Syllabus
Basic properties of nuclei, origin of the nuclear magnetic and quadrupole moments, multipole expansion.
Electric field at nuclei in condensed matter, its origin and interaction with nucleus, interaction Hamiltonian, the role of the symmetry of nuclear environment.
Magnetic field at nuclei in condensed matter, its origin and interaction with nucleus, interaction Hamiltonian, interaction of nucleus with the orbital and spin electron moments.
Calculation of nuclear energy levels for simple interaction Hamiltonians.
Hyperfine splitting of nuclear levels and its use in condensed matter studies, nuclear magnetic resonance, Mössbauer spectroscopy and other experimental methods.
Examples of usage of 'hyperfine methods.' Possibilities of calculation of hyperfine parameters from first principles.
Interactions among nuclear moments, their spontaneous ordering and its experimental detection.
Crystal field (CF), singlet CF ground state, van Vleck systems, hyperfine enhanced nuclear magnetism.
Nuclear adiabatic demagnetization, 'negative' temperatures.
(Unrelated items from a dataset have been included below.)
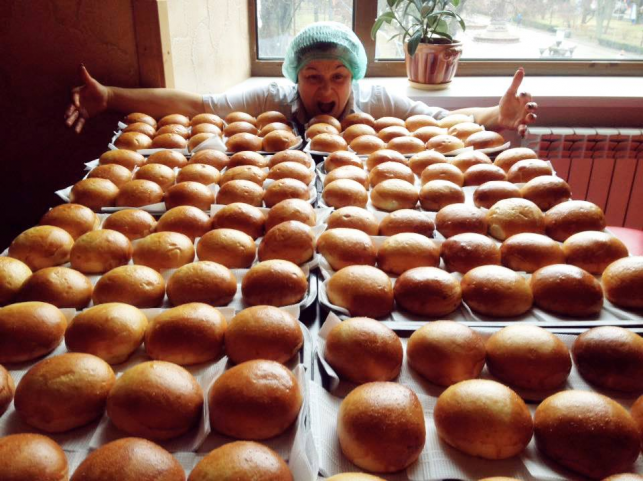У закладі можна було замовити банкет чи святкування. Також там готували їжу для кейтерингу. На світлині 2016 року пекарка показує частину виконаного замовлення. У ресторані замовили 500 пиріжків. Лише маленька частина помістилась у кадрі.
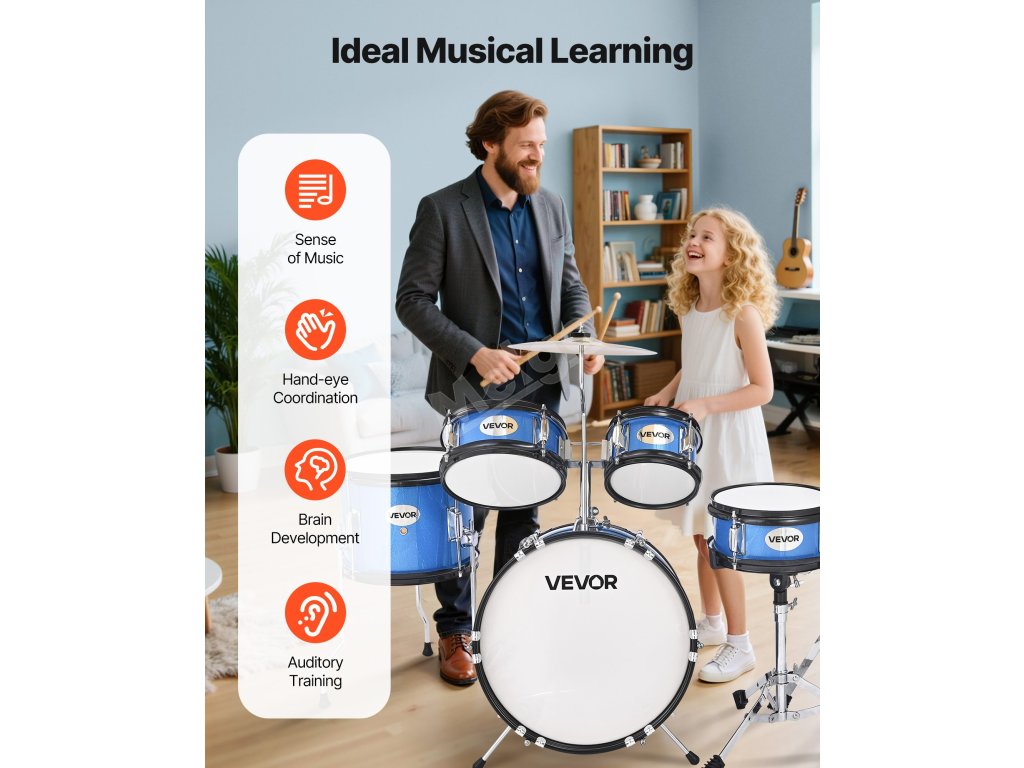 Odpověď: Tato bicí souprava je speciálně navržena pro děti a začátečníky, kterým usnadňuje začít se učit a užívat si bubnování.
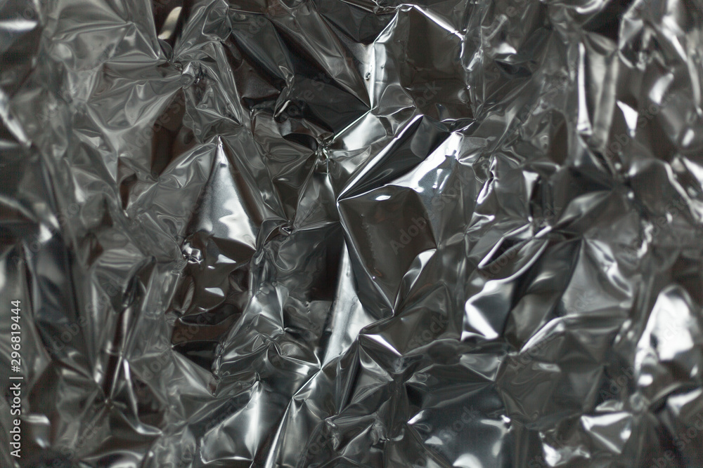 Full frame take of a sheeT of crumpled silver aluminum foil
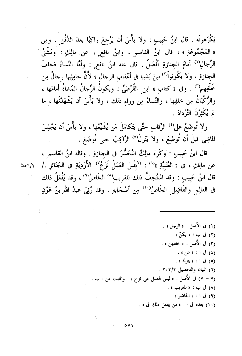يكرهون. قَالَ ابْنُ حَبِيبٍ: وَلا بَأْسَ أن يرجع راكبا بعد الدفن. ومن (المجموعة)، قال ابن القاسم، وابن نافع، عن مالك: ومشي الرجال أمام الجنازة أفضل. قال عنه ابن نافع: وأما النساء فخلف الجنازة، ولا يكونوا بين يديها في أعقاب الرجال؛ لأن حامليها رجال من خلفهم. وفي (كتاب) ابن القرطي: ويكون الرجال المشاة أمامها، والركبان من خلفها، والنساء من وراء ذلك أن يشهد نها، ما لم يكثرن الترداد.
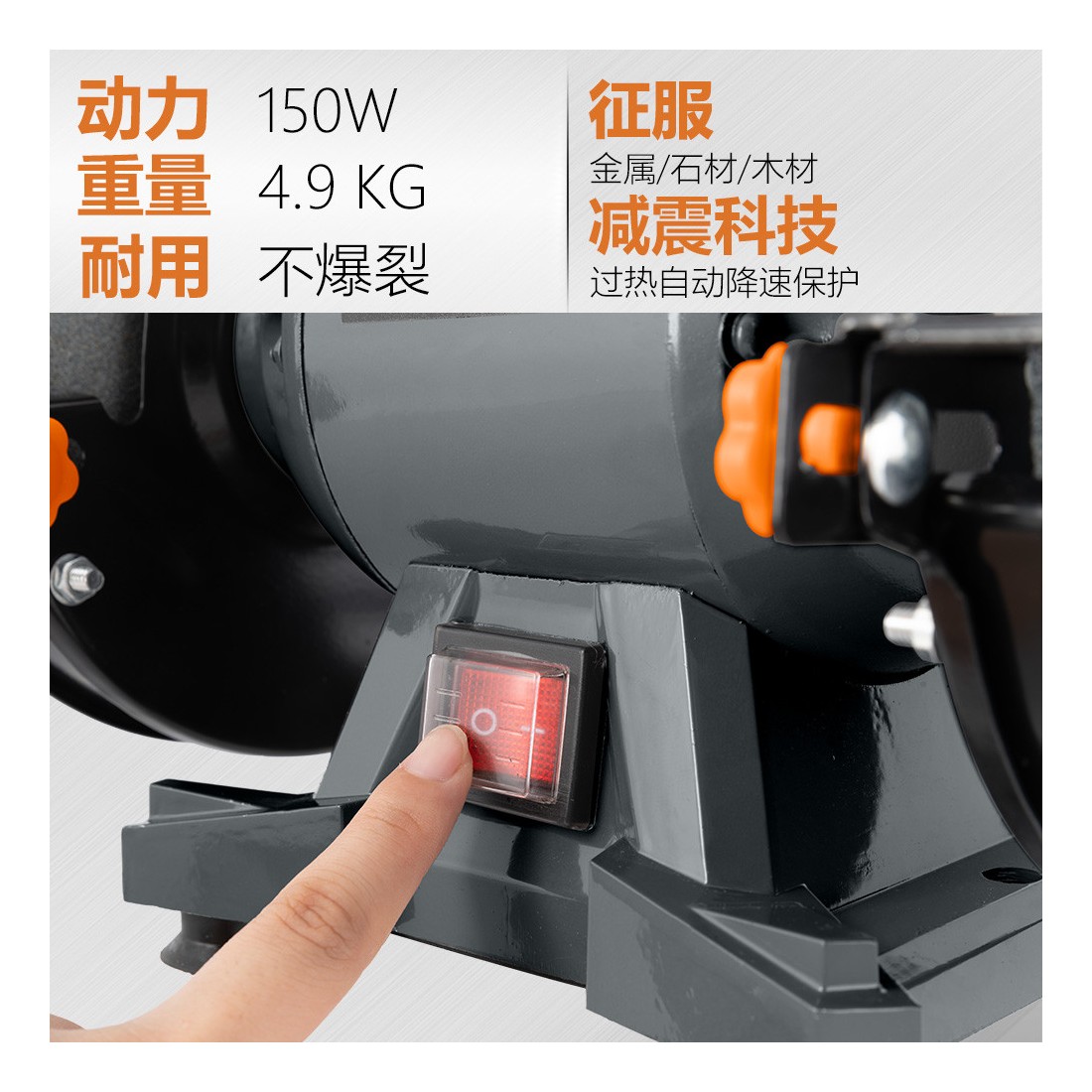 Motor de 150W para un rendimiento eficiente en trabajos de pulido y afilado.
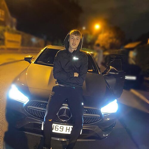 LVERS 다미에 트러커 데님 재킷과 팬츠, 화이트 탱크톱, 카우보이 벨트, 패스포트 핀 캡, LV 블랙 풋 프린트 사커 스니커즈 가격 미정, 모두 루이 비통.
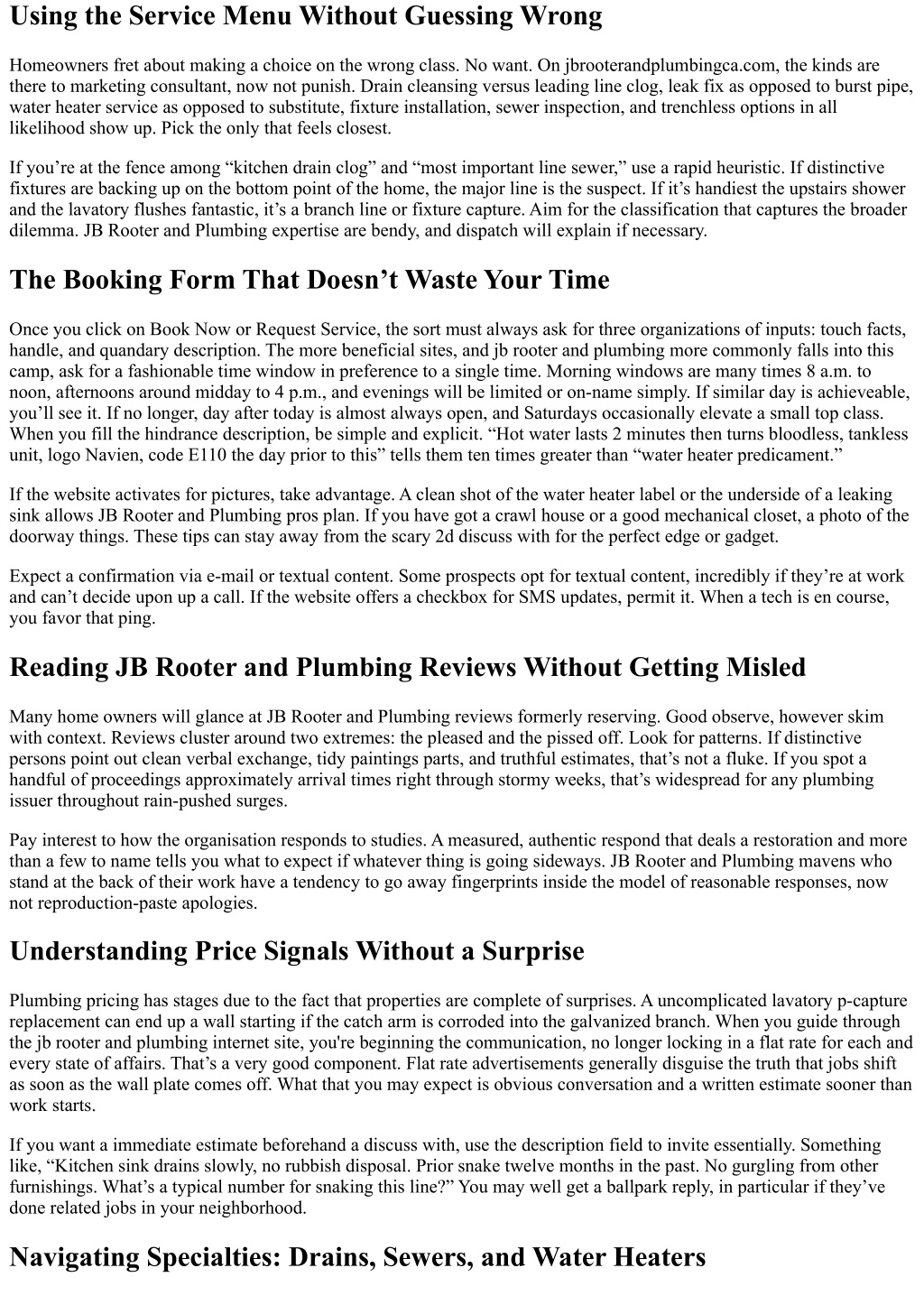 When to Call Instead of Clicking Most jobs is additionally booked on line. A few events factor you to the smartphone. If you odor gasoline close a water heater or furnace, name the gasoline service provider first, then name JB Rooter and Plumbing after the software checks. If you will have a sewer backup that has already reached living parts, call. If your water fundamental broke and you can not come across the shutoff, name. For every thing else, the booking type on www.jbrooterandplumbingca.com will do the process, and also you’ll have a clearer listing of the request. A Simple Two-Step Flow for Speed Demons If you’re in a rush and assured approximately the problem, right here’s a tight means that works smartly on the jb rooter and plumbing site: Pick the nearest provider classification and go with the earliest life like window. In the description, encompass handle landmarks, hindrance specifics, urgency stage, and entry notes. That’s regularly enough to get you at the time table devoid of a single follow-up in the past dispatch. A Homeowner’s Realistic Expectations A authentic plumbing visitors balances urgent calls with scheduled work. If you e book at three p.m. on a wet Thursday, you could get a next day morning slot. That’s no longer a loss of urgency, it’s route math. If which you could close off a
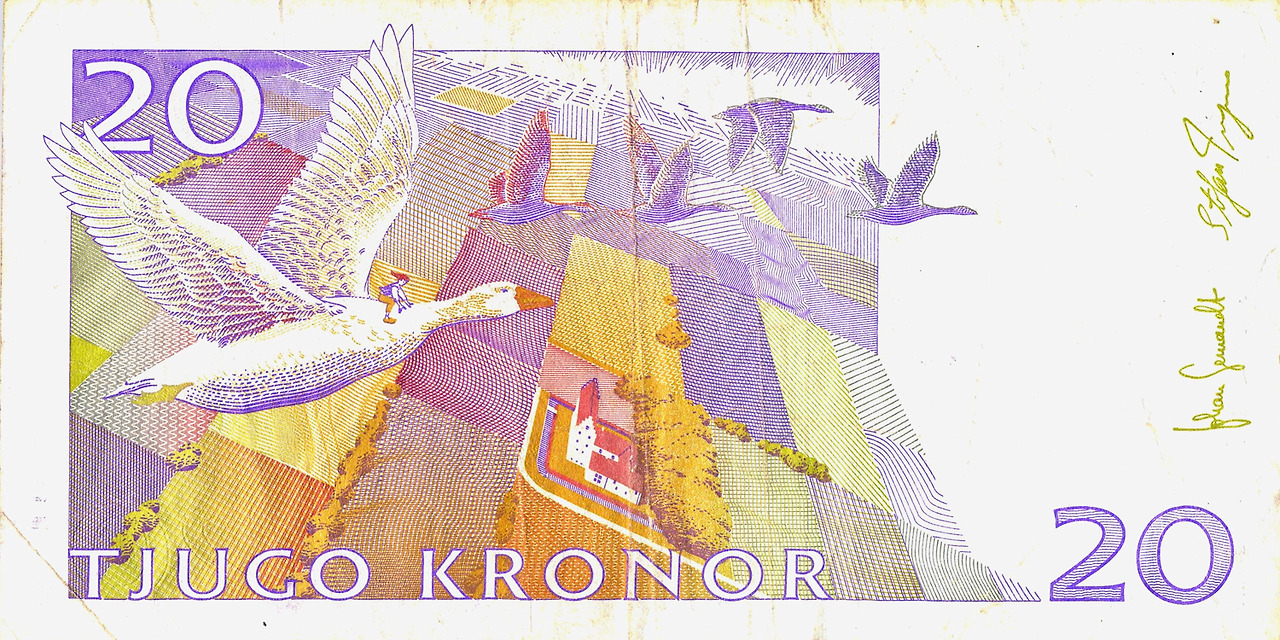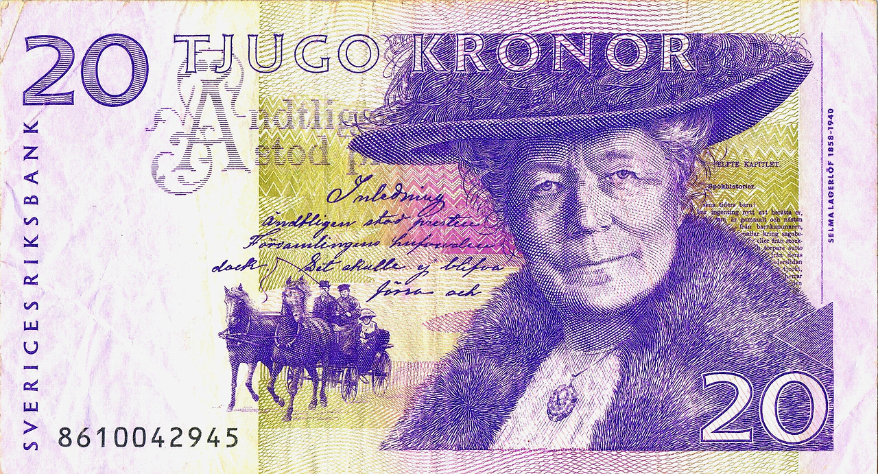 * '닐스의 모험'의 작가 셀마 라게를뢰프가 그려진 스웨덴 화폐, 뒷면에 거위를 타고 날아가는 닐스의 모습이 보인다. 우리나라 화폐에도 '아기공룡 둘리'나 뽀로로를 넣으면 안 될까?
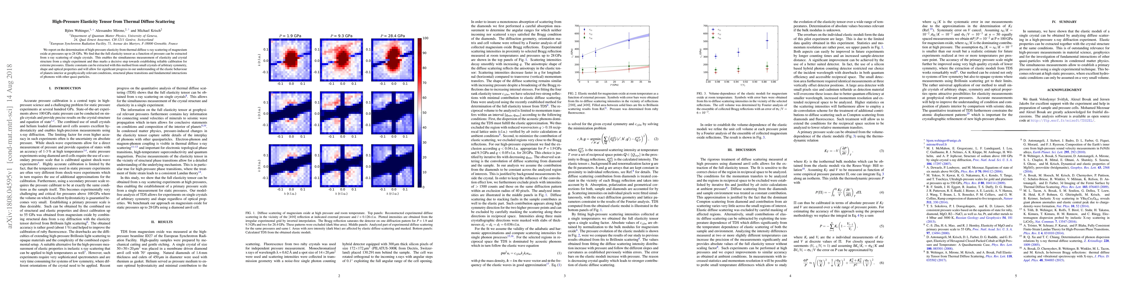 The research determines high-pressure elasticity from thermal diffuse x-ray scattering of magnesium oxide up to 28 GPa, extracting the full elasticity tensor from single crystals, enabling simultaneous measurement of elasticity and crystal structure from a single experiment.
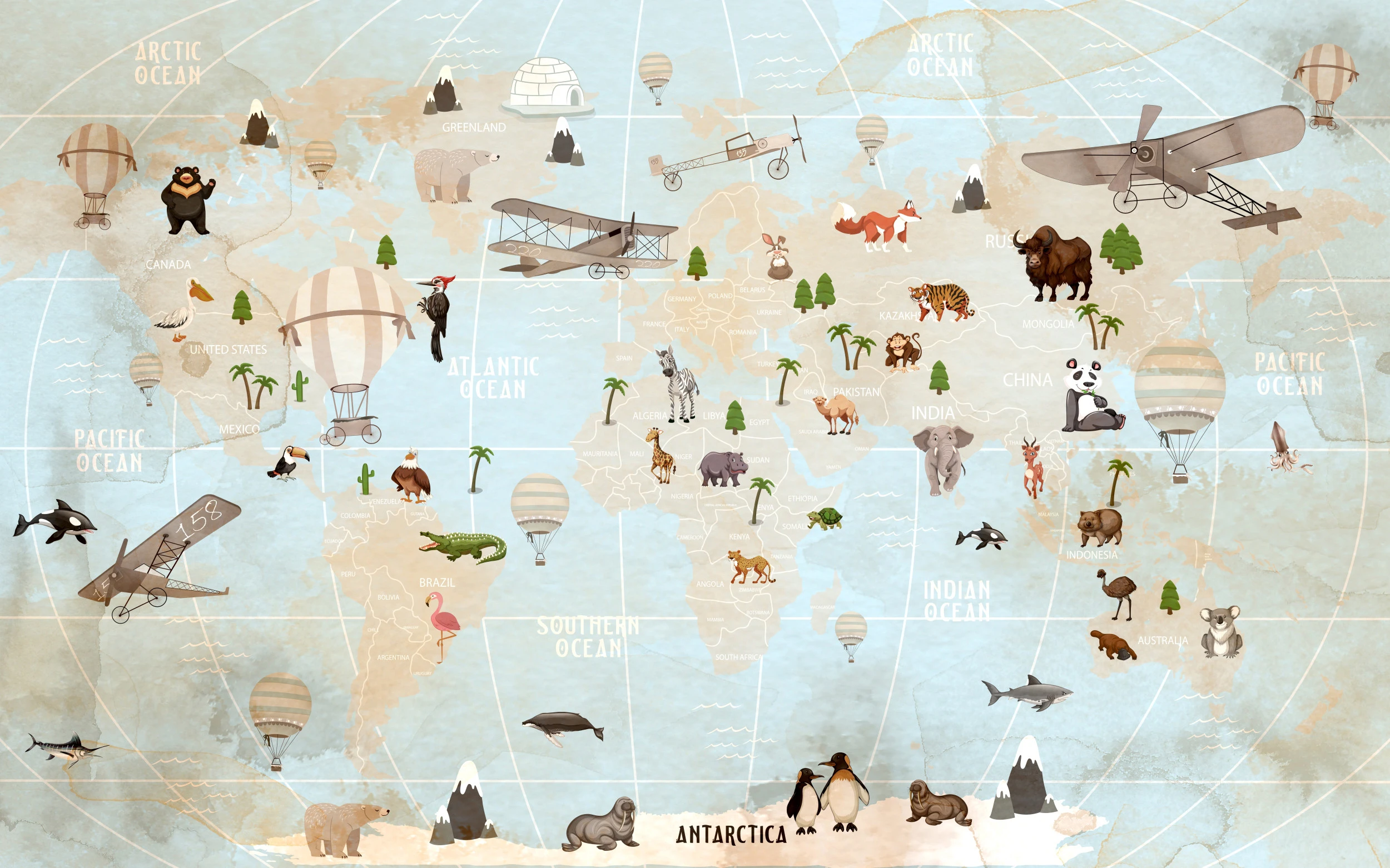 Cette carte du monde décorative déploie un univers graphique d’une richesse exceptionnelle, mêlant avec poésie la précision cartographique et l’imaginaire de l’exploration. Sur un fond aux tons beiges et bleus poudrés, se dessinent les contours des continents parsemés d’une faune extraordinaire : ours polaires majestueux du Groenland, pandas espiègles de Chine, éléphants paisibles d’Afrique, et pingouins élégants d’Antarctique. Des montgolfières vintage flottent gracieusement dans les airs, tandis que d’authentiques avions d’époque traversent les océans, rappelant les premiers pionniers de l’aviation.
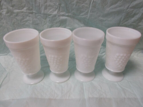 Title (ebay affiliate link): 4 Vintage White Milk Glass Footed Goblets Harvest Grape & Leave Embossed Tumbler
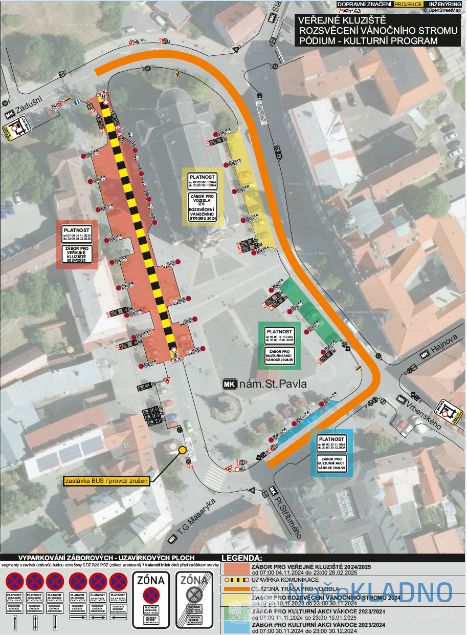 Od 4.11.2024 do 28.2.2025 bude uzavřena horní část nám. Starosty Pavla z důvodu umístění veřejného kluziště.
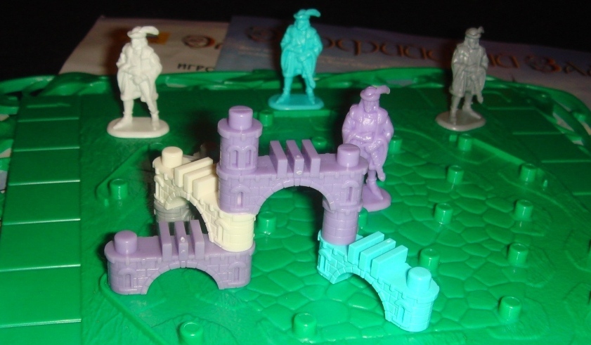 Теперь, собственно, о правилах. В свой ход игроку всего-навсего нужно пристроить к замку одну фишку из своего запаса, выжав из этого нехитрого действия как можно больше победных очков. Очки присуждаются за пролёты получившейся арки: за каждый пролёт – одно очко. Свою фишку разрешено ставить как на поле, так и на ранее выставленные фишки, единственное условие – опоры должны располагаться на разных фигурах, и не одна из опор не может болтаться в воздухе.

Examples of systems with nuclear ordering.
Annotation
Nuclear magnetic and quadrupole moments, origin of electric and magnetic fields at nuclei of atoms of condensed matter (CM), hyperfine splitting and its use in CM studies (nuclear magnetic resonance,
Moessbauer effect). Spontaneous order of nuclear moments, van Vleck systems, nuclear adiabatic demagnetization, 'negative' temperatures.